その中で、UI/UXの磨き込みを行うチームの活動の中で見つかった課題から、この改善活動が始まりました。
UI/UX改善チームの抱えた課題
UI/UXの磨き込みは、案件として不確実性が高く、また個々の案件のサイズのブレも小さいという性質があります。そのため、細かな仮説検証サイクルを頻繁に回して学びを蓄積していけるような開発スタイルを志向しており、カンバン方式で開発を行っています。よって、普段はいかに案件開発がムリ・ムラ・ムダなく、スムーズに流れているかをチェックするため、リードタイムや、スループットをモニタリングしています。
そんな中、リードタイムが長く、思うようにスループットが上がっていないという課題が浮き彫りになりました。原因として「開発テスト中にフロントエンド部分のバグによる手戻りが頻繁に発生して開発が予定通り進まない」「差し込み的にバグ対応をすることになり開発効率が上がらない」といった事象が起きていることがわかりました。
既存コードの技術的負債
そこで、さらに原因を調査しました。すると、既存のJavaScriptの実装上の技術的負債により、何かの機能を修正した際の影響範囲が読めない状態になっており、手戻りの頻発につながっていることがわかりました。

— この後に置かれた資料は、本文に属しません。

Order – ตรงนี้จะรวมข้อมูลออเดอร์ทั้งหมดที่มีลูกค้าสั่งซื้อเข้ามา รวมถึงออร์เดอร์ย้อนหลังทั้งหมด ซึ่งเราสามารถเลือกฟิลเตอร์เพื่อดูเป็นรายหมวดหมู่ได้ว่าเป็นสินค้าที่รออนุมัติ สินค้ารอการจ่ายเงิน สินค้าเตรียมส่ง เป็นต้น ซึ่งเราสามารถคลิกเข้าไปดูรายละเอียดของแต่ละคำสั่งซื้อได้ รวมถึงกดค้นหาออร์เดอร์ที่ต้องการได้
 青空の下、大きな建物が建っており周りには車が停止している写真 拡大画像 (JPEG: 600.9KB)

具体的には、既存コードに以下のような課題がありました。
- jQueryでグローバル化した変数の参照や書き換えを行っている。
- 画面の制御を行う関数内で、jQueryを利用して相対的に子要素の取得などを行っているが、それがHTMLの変更に弱いセレクタの指定になっている。

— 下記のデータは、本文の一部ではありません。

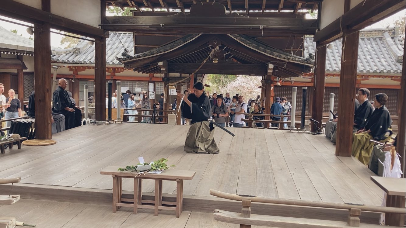 | 具体的な活動 ※他の居合道場との違い | ・奈良の伝統ある神社での奉納演舞に参加可能 ※下記動画参照 ・月1回の茶道教室を先生を招いて学びます。※自由参加 ・当寺のイベントに参加可能です ・刀について語り合い、深い学びが可能 ・大峯山参拝にも参加可能※男性のみ ・他に抜刀大会や、他流派との交流会にも参加可能 等 |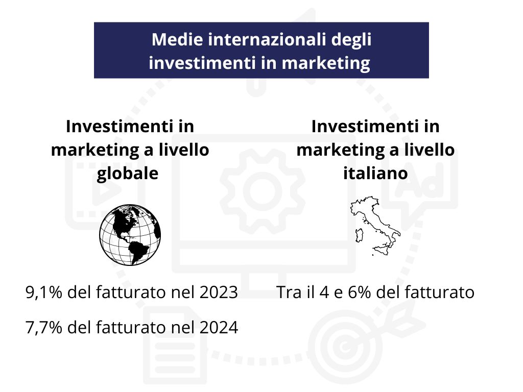 In Italia non abbiamo dati precisi e isolati dalle medie continentali, rispetto agli investimenti in marketing in rapporto al fatturato. È tuttavia appurato, fra chi opera nel settore, che le percentuali sono sicuramente inferiori rispetto ai mercati nordamericani ed europeo, per cui si stima che per un’azienda italiana investire in marketing un valore tra il 4% e 6% del fatturato, possa con molta probabilità portare a un tasso di crescita costante.

- jQueryが一般的でない使われ方をしており、新規メンバーがコードからその実装の意図を直感的に理解できない。
また、開発体制面にも課題がありました。
タウンワーク開発メンバーは、フロントエンドとバックエンドにそれぞれ開発メンバーが分かれており、フロントエンドの手戻りが頻発するとフロントエンド開発メンバーの負荷が高まります。反面、バックエンド開発メンバーはその間手が空いてしまう状態となります。可能であれば、手が空いたバックエンドメンバーがフロントエンドメンバーのヘルプを行えるようにしたいと考えました。
これらの原因を除去するため、改善活動を開始することにしました。
改善方針の策定
まず、改善方針を決めるところから行いました。改善方針の策定は、弊社技術顧問の和田卓人、シニアソフトウェアエンジニアの古川陽介らとともに行い、方針だけでなく利用するライブラリや構成案を検討しました。その際に検討した内容は大まかには以下のようなものです。
- まずはモジュール化し、影響範囲を局所化することが大事。そのためにテストコードも導入する。
- 影響範囲を局所化するため、必要であればReactなどのフレームワークの導入なども検討する。
- バックエンド開発メンバーがフロントエンド開発メンバーの手助けに入りやすくなるよう、ES6記法を導入し、Classなどの構文を利用して記述を行う。それによりJavaとの類似性を高め、バックエンド開発メンバーが習得しやすいようにする。